Sampai di rumah, mereka di sambut dengan kehebohan Farhan cs yang nongkrong di rumah samping seperti biasa. Bukannya malu, Darren malah balas meledek dengan memeluk Annara sambil memeletkan lidah pada para remaja tanggung itu.
"Lepas nggak!!" Annara memberontak.
"Biarin kenapa sih sayang, mas mau ngomporin bocah-bocah itu."
Annara menggigit dada suaminya, lalu segera berlari ke dalam rumah tanpa merasa bersalah sudah membuat laki-laki itu mengaduh sakit.
"Maaf mas! Aku kebelet pipis," teriaknya sambil berlari.
Sampai di kamar mandi dekat dapur, Annara langsung berjongkok di depan closet dan mengeluarkan isi perutnya. Ia berusaha tidak memelankan suara agar tak mengganggu istirahat kakek neneknya, dan tidak membuat Darren khawatir.
Sementara itu, Darren tak langsung ikut masuk. Ia lebih dulu ke rumah samping untuk mengembalikan motor Farhan, serta memberikan sate kelinci dan beberapa jajanan yang tadi sengaja di belikan Annara untuk mereka.
"Nih, Han. Makasih ya." Darren menyerahkan kunci motor setelah menaruh oleh-olehnya di meja.
"Mas Darren, ini duitnya ketinggalan," celetuk Tino-- si bocah paling muda yang tengah membongkar kresek dari Darren.
"Itu nggak ketinggalan, No. Buat kalian beli gorengan," ucap Darren setelah mendudukkan diri di tengah-tengah mereka.
Para remaja tanggung itu bersorak saat Tino mengangkat 3 lembar pecahan seratus ribu. Bukan hanya gorengan, uang ini bahkan cukup untuk membeli beberapa ekor ayam panggang untuk di makan bersama.
"Mas Darren ki kerjane apa to? Kok duite akeh eram (kok uangnya banyak banget). Sudah beliin sate sama jajan, masih ngasih duit buat beli gorengan," celetuk Tino lagi.
Darren terkekeh. "Mas ya kerja nguli biasa, No. Udah sana makan. Kalian doyan nggak sate kelinci?" Tanyanya melihat para remaja itu bergantian.
Semua mengangguk kompak hingga membuat Darren tercengang sesaat. Sepertinya memang ia sendiri yang aneh, hingga terlalu bereaksi berlebihan terhadap kelinci imut yang di jadikan santapan lezat.

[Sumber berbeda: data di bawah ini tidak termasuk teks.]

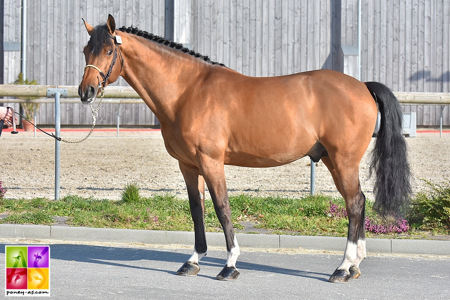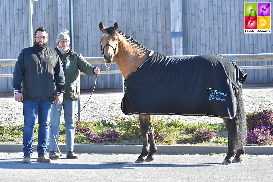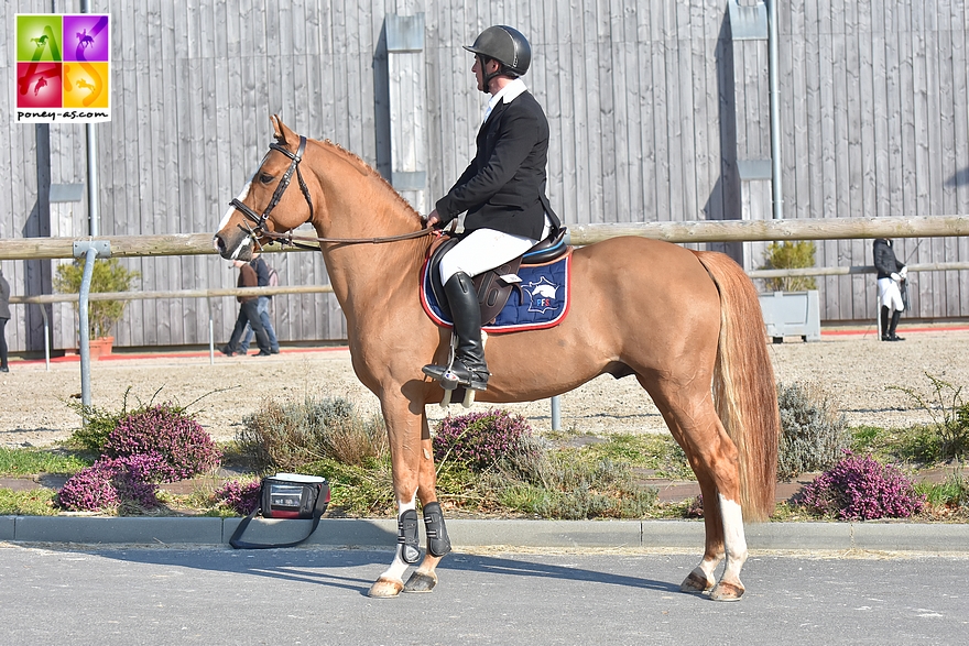 Engel des Herbages (Pfs, par Machno Carwyn, Wd et Nitro des Herbages par Island de l’Aumont), présenté par son naisseur et propriétaire Philippe Rainteau chez qui il fera la monte, avait lui cet été pris la 5e place de la finale nationale des mâles Pfs de 3 ans.
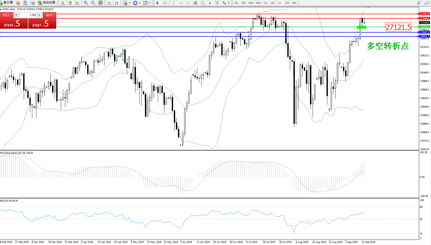 道琼斯指数913日(周五)收盘上涨36.90点,涨幅0.14%,报27219.38点。道指录得连续第8日上涨,美国8月零售销售增幅超出预期。投资者仍在关注国际贸易局势的发展及全球央行的宽松政策前景。不过,经济指标的改善不太可能影响美联储下周开会时降息。美国10年期国债收益率一度升高13个基点至1.90%附近,是82日以来最高,因大宗商品交易顾问和房地产投资信托基金抛售国债;然而,实钱和央行买入5年期国债。
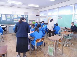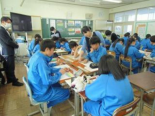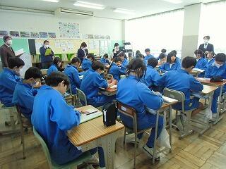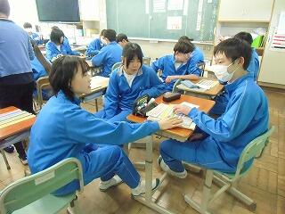 12月23日(火)5時間目、市教委から指導主事をお迎えし、国語科の研究授業を行いました。見出しに合うように新聞記事を書き換える内容で、ネガティブな表現をポジティブな表現に変えながら、表現の効果や自分の考えを伝えていくことを学びました。どういった表現が適切なのかをペアやグループで話し合いながら進めており、とても難しい内容だと感じましたが、生徒は熱心に取り組んでいました。
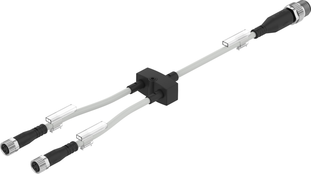 Verteiler NEDY-L2R1-V1-M8G3-U-0.3L-M12G4-2.5R Basierend auf Norm=(* EN 61076-2-101, * EN 61076-2-104), Konstruktiver Aufbau=Y-Verteiler mit Kabel beidseitig, Verteilerart=2 auf 1, Leitungsbezeichnung=mit Schildträger, Befestigungsart=(* mit Durchgangsbohrung für Schraube M2, * mit Zubehör)
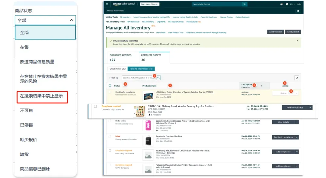 之前的流程是:当卖家创建全新的listing时,只有填写listing的相关参数就能直接发布销售了。当系统检测到合规问题时,卖家只需要在特定时间内完成上传,亚马逊审核成功,就没问题了。
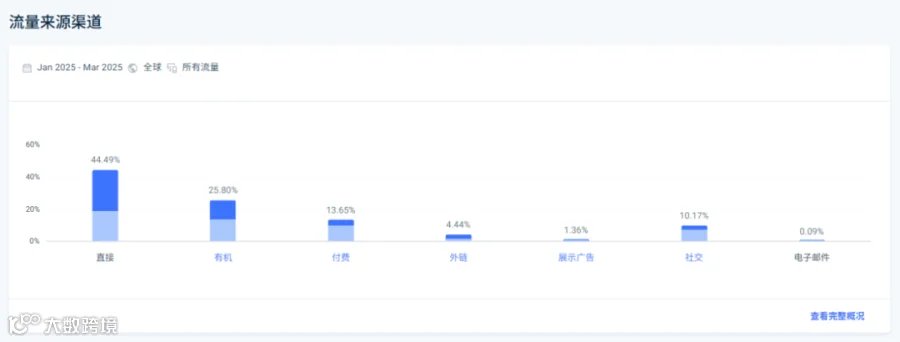 图源:Similarweb在流量来源渠道方面,直接流量占比最高,达60%,表明品牌忠诚度或复购率较高;有机搜索占比44.49%,SEO效果显著,其中非品牌词占比76%,如“laser engraver”等,说明用户多通过通用词搜索进入网站;付费搜索占比25.80%,非品牌词广告表现突出,如“lasereng raver”点击率增长1145.45%。
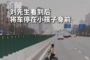 小孩在车流量大的马路上骑车乱窜,车主见状立刻停车飞奔上前制止
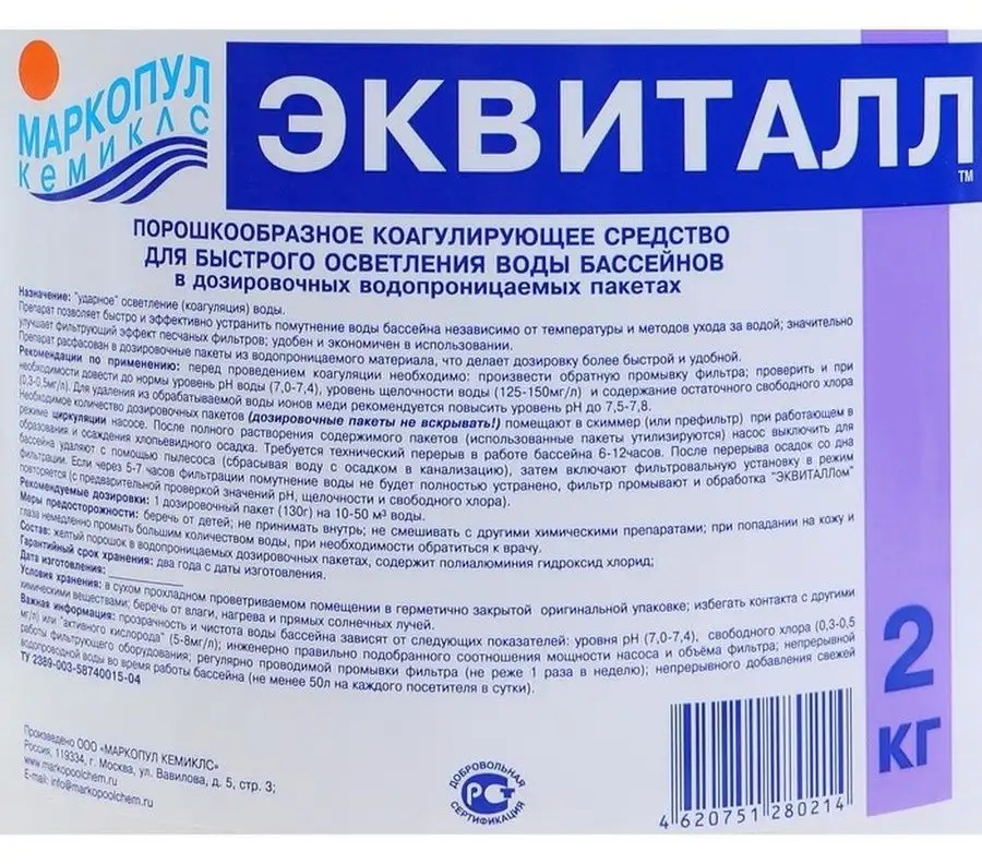 Препарат позволяет быстро и эффективно устранить помутнение воды бассейна независимо от температуры и методов ухода за водой и значительно улучшает фильтрующий эффект песчаных фильтров, а также удобен и экономичен в использовании. Препарат расфасован в дозировочные пакеты из водопроницаемого материала, что делает дозировку более быстрой и удобной.

Darren mengulas senyum, matanya tak lepas memperhatikan para remaja tanggung itu makan dengan lahap dan saling bercanda. Beberapa sate yang di bungkus dengan kertas minyak itu sengaja dibuka lebar dan di sambung-sambungkan hingga menjadi satu. Tak lupa, jajanan yang kebanyakan ciki itu juga di taburkan di atasnya.
Melihat cara mereka makan membuat Darren bernostalgia. Dulu, jaman SMA seringkali ia dan para sahabatnya makan bersama di basecamp dan warung belakang sekolah.
Cara makannya pun sama persis dengan yang saat ini ia lihat. Dan Darren tau betul, bagaimana nikmatnya makan bersama seperti itu.
"Jajan neh opo ora cah (jajan lagi apa nggak teman-teman)?" Farhan bertanya pada teman-temannya sambil menaruh uang dari Darren di atas meja.
Salah satu dari mereka menyahut. "Wes wareg Han, kui gae jajan sesok wae. Yo pora cah (sudah kenyang Han, itu buat jajan besok aja. Ya nggak teman-teman)?" Semuanya kompak mengangguk.
"Gawe o kopi, Han. Mas Darren gawekno pisan (buat kopi sana Han. Mas Darren buatin sekalian)."
Farhan berdecak. "Peh aku gawe kopi enak e mbok kongkon terus (mentang-mentang aku buat kopi enak, kamu suruh terus)," protesnya yang malah membuat semua kompak tertawa.
"Mas Darren kopi ireng apa kopi susu?"
Bukannya jawaban 'kopi hitam' yang menjadi pilihan Darren yang terdengar, tetapi malah suara cempreng dari arah balkon yang mengalihkan perhatian.
KAMU SEDANG MEMBACA
ANNARA
RomanceSejak mengetahui perselingkuhan yang dilakukan sang ayah di belakang ibunya, Annara tak lagi mempercayai pernikahan. Kekecewaan yang teramat besar membuatnya menganggap bahwa laki-laki dan cinta hanya akan membawanya pada penderitaan. Namun sayang...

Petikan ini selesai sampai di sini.